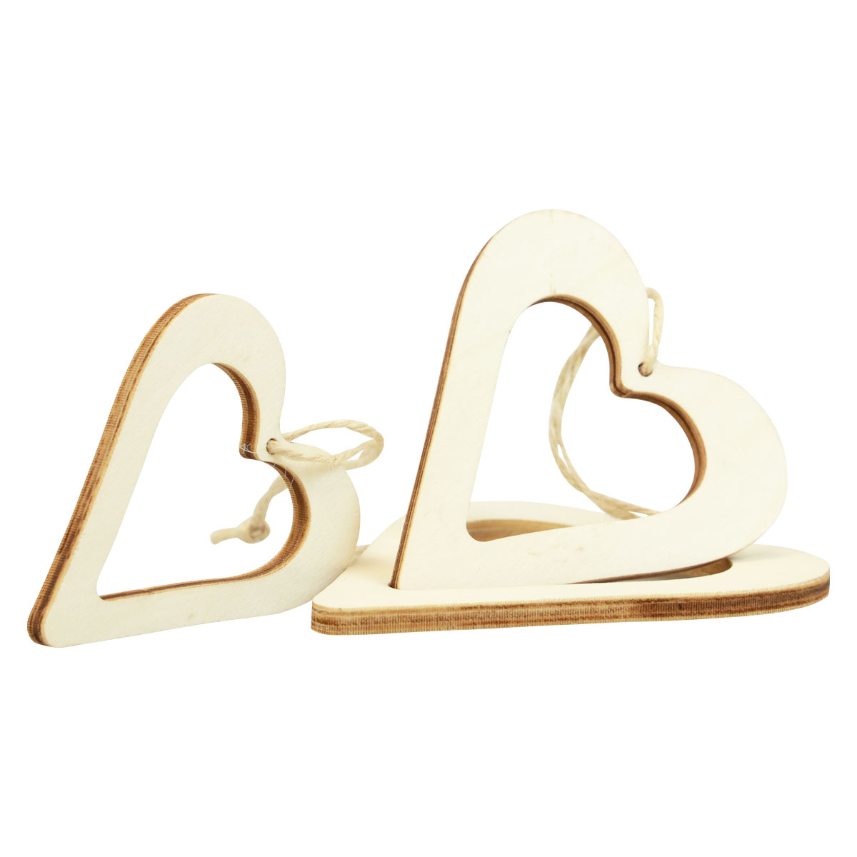 A szívek minőségi, világos fával furnérozottak és megőrzik természetes színüket, oldaluk rusztikus lánggal rendelkezik. Ez minden szívhez rusztikus bájt kölcsönöz. A természetes szálból készült fehérített zsinór teljes mértékben megfelel ennek a függő dekorációnak a barátságos megjelenésének.
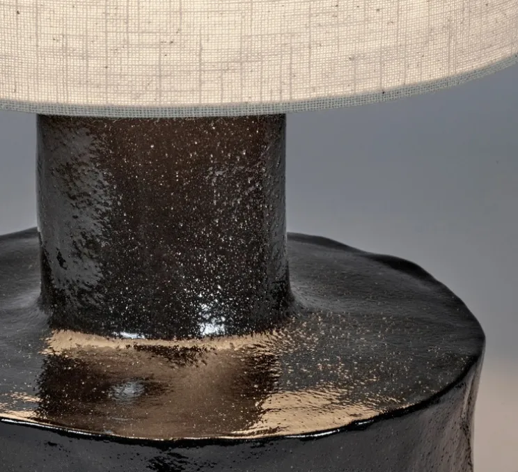 La couleur noir profond contraste avec l’abat-jour clair et les matières s’opposent pour donner de la présence à la lampe. Ce luminaire s’intègre facilement dans des pièces de vie comme une chambre ou un salon. Il se dispose idéalement sur une commode, une table ou un bureau.
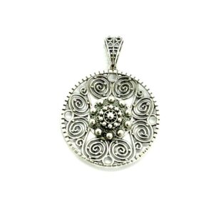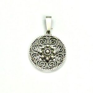 Colgante Filigrana Charra JTS1945-CH en Plata de Ley chapada en oro de 23 kilates. Precioso colgante circular de 15mm de diámetro con un botón charro en el centro. Su medida es de 15 mm. Añade un toque artístico y original a tu estilo con este colgante que hace un guiño al sombrero mexicano. Una forma diferente y útil de llevar la filigrana charra fabricada de forma artesanal.
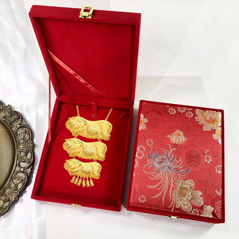 Large Pig Brand Broam Cloth Storage Box Wedding Engagement Festive Gold suit Jewelry Display Gift Box
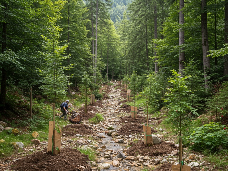 La scelta delle specie vegetali non è stata casuale. Sono state selezionate esclusivamente essenze autoctone, come il faggio, il cerro e il carpino, per garantire il pieno ripristino dell’ecosistema originario. Queste piante, adattate da millenni al clima e al suolo locali, sviluppano apparati radicali profondi e ramificati, capaci di agire come una vera e propria rete di contenimento naturale per il terreno.
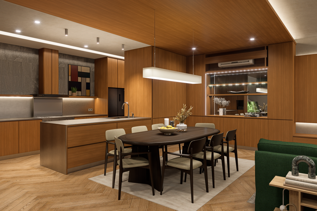 Desain ini adalah antitesis dari kemewahan yang “dingin”. Konsep utamanya adalah menciptakan keseimbangan antara kekakuan arsitektural dengan kelembutan hunian. Ini adalah ruang yang dirancang untuk “memeluk” penghuninya setelah seharian berada di luar yang bising.
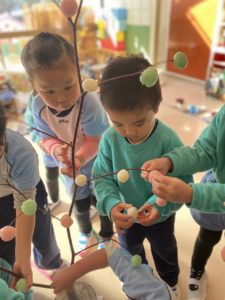 「ミズキ」の赤い枝に子どもたちが好きな場所に団子をつけました。

* * *

What you will do: Go from the first line of the listing to the line holding "La couleur noir" and, please, transcribe those lines exactly, both included, with no pictures.

Result of the task:
 A szívek minőségi, világos fával furnérozottak és megőrzik természetes színüket, oldaluk rusztikus lánggal rendelkezik. Ez minden szívhez rusztikus bájt kölcsönöz. A természetes szálból készült fehérített zsinór teljes mértékben megfelel ennek a függő dekorációnak a barátságos megjelenésének.
 La couleur noir profond contraste avec l’abat-jour clair et les matières s’opposent pour donner de la présence à la lampe. Ce luminaire s’intègre facilement dans des pièces de vie comme une chambre ou un salon. Il se dispose idéalement sur une commode, une table ou un bureau.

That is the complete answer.